But fluoride opponent Rea Howard, president of the
Provo-based advocacy group Health Forum of Utah, has
continued to ask lawmakers and health regulators to
look into safety concerns of the products regularly
used to fluoridate public drinking water systems.
Those same safety concerns have gained momentum in
Davis County, where a recent petition drive
persuaded county commissioners to hold a revote in
November. Some regions in the southern part of the
county are already getting fluoridated water, but
the revote has halted a countywide expansion of
fluoridation.
Recently, the nonprofit group Utahns for Better
Dental Health filed a lawsuit against the Davis
County Commission and the County Clerk seeking an
injunction to stop the revote before November.
Second District Judge Glen Dawson has yet to rule on
the case. In response to the original injunction
request, the Davis County Attorney's Office filed a
seven-page response, contending a court order to
stop the revote would mean a costly reprinting of
the ballot.
Besides, the county attorneys wrote in their
response, there is good reason to let the revote go
forward since there is "the distinct possibility
that the election results of November 2002 will be
the same as those of November 2000."
The story begins on the 13th September 2002. An
attempt to obtain details of the TRIBUNE opinion
poll was countered with a request by the newspaper’s
representative, Troy Goodman, to apply in writing
for details. An e-mail was dispatched immediately.
From: fluoride.org.uk
To: tgoodman@Tribunerib.com
Sent: Friday,
September 13, 2002 8:19 PM
Subject: Fluoridation
Survey
13-9-2002
Hi again Troy
Re: our brief telephone conversation of today
concerning the Tribune-sponsored survey on water
fluoridation (Survey Finds Fluoridation Proponents
Have Most Utahns on Their Side, Salt Lake Tribune.
Friday, September 13, 2002).
I am interested in seeing a copy of the original
survey questionnaire to see how questions were
structured. Please note that other related materials
are of no interest to me - just the original survey
questions.
… On October 3rd the first response was received:
Chris,
I finally got an answer for you on the Sept. 13
survey story:
Our editor told me we used the exact same question
wording that appears in the results box (a separate
component from the print copy) published in that
day's newspaper. If you need any further help, let
me know.
Thanks, Troy
This is not exactly what had been requested. Another
e-mail was sent:
4-10-2002
Hi again Troy
I'm afraid the answer you gave me to the 13th Sept
fluoridation poll is unclear. Below I have printed
the article in full from the web edition of the
Tribune and there is no mention of the exact
question asked, along with any other questions which
may have been asked, and of course the "results box"
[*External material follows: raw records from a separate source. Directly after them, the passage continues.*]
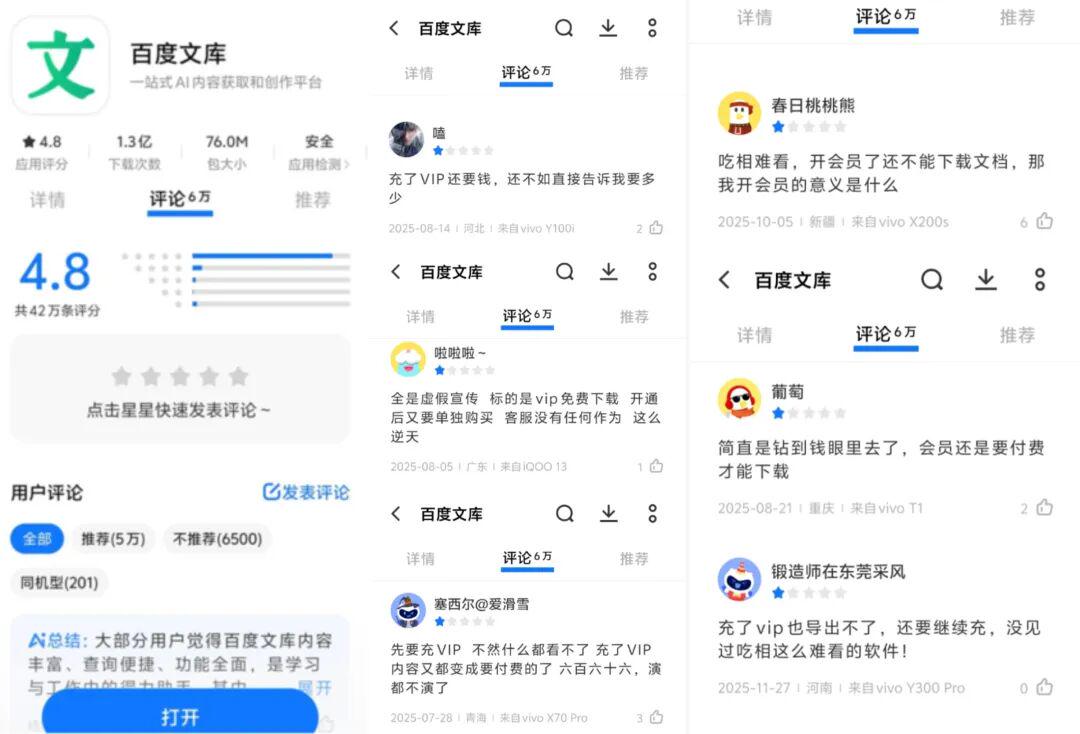 除此之外,百度文库应用商城中的高分推荐中也夹杂了不少吐槽。在安卓端应用商城,百度文库累计下载次数为1.3亿,应用评分4.8(满分5),现有6万条用户评价里,推荐与不推荐比例约为7.69:1;IOS端情况(4.7分,满分5分)与安卓端相差不大。
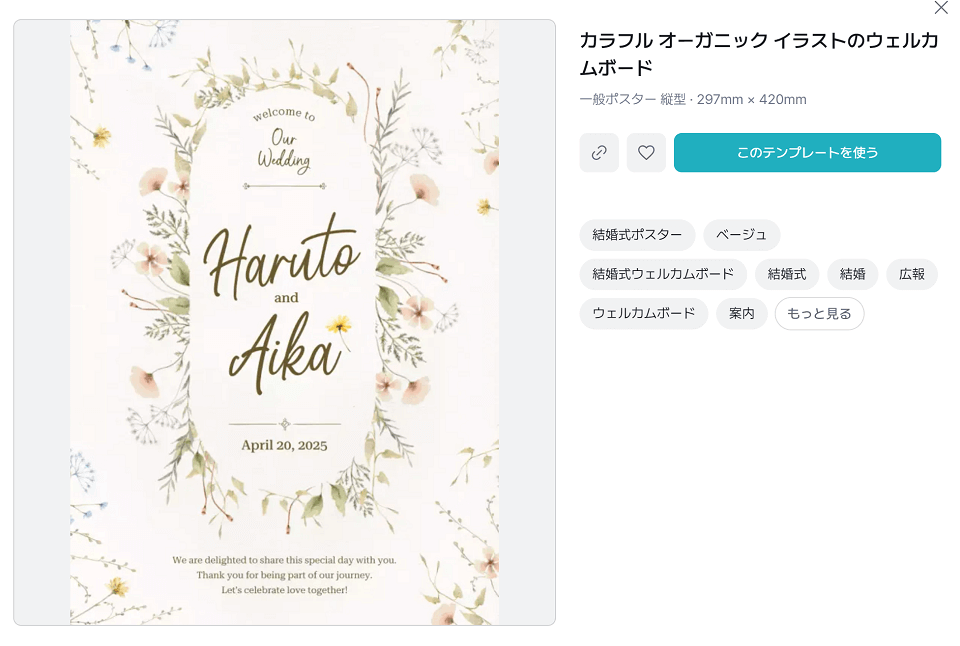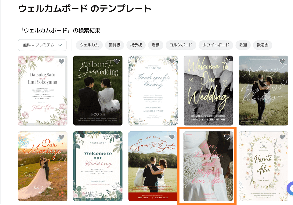上記紹介したウェルカムボードはこちらから使用ください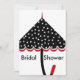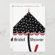 O guarda-chuva preto com bolinhas brancas e vermelhos constituem o ponto focal deste chá de panela. Todo texto é personalizável
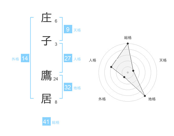 庄子 鷹居さんの総格は41画の5点!

which has not been provided.
Unless the editor 'comes clean' and provides the
full story behind this poll, and copies of all of
the literature I have previously requested, then I'm
afraid I will have to make my own assumptions.
Regards,
Chris.
The next reply:
Sorry, Chris I was
unsure how much of the full print story appeared
online. (I use the Web for research but not to read
my own stories.) The survey question was as follows:
Do you favor municipalities adding fluoride to
drinking water? Results: 60% yes, 36% no, 5% unsure.
Figures are rounded
up. Survey Sept. 3-5, 2002. Plus or minus 2.7%
margin of error Valley Research survey of 1,358
adults statewide.
Perhaps plain
English is not enough. The repeated request for full
details of the TRIBUNE poll was again ignored. A
final attempt was now made to try and make sense of
this absurd situation.
4-10-2002
Hi again Troy
Thanks for your
latest e-mail. However ...!
Was the question
you sent me the only question asked in the survey?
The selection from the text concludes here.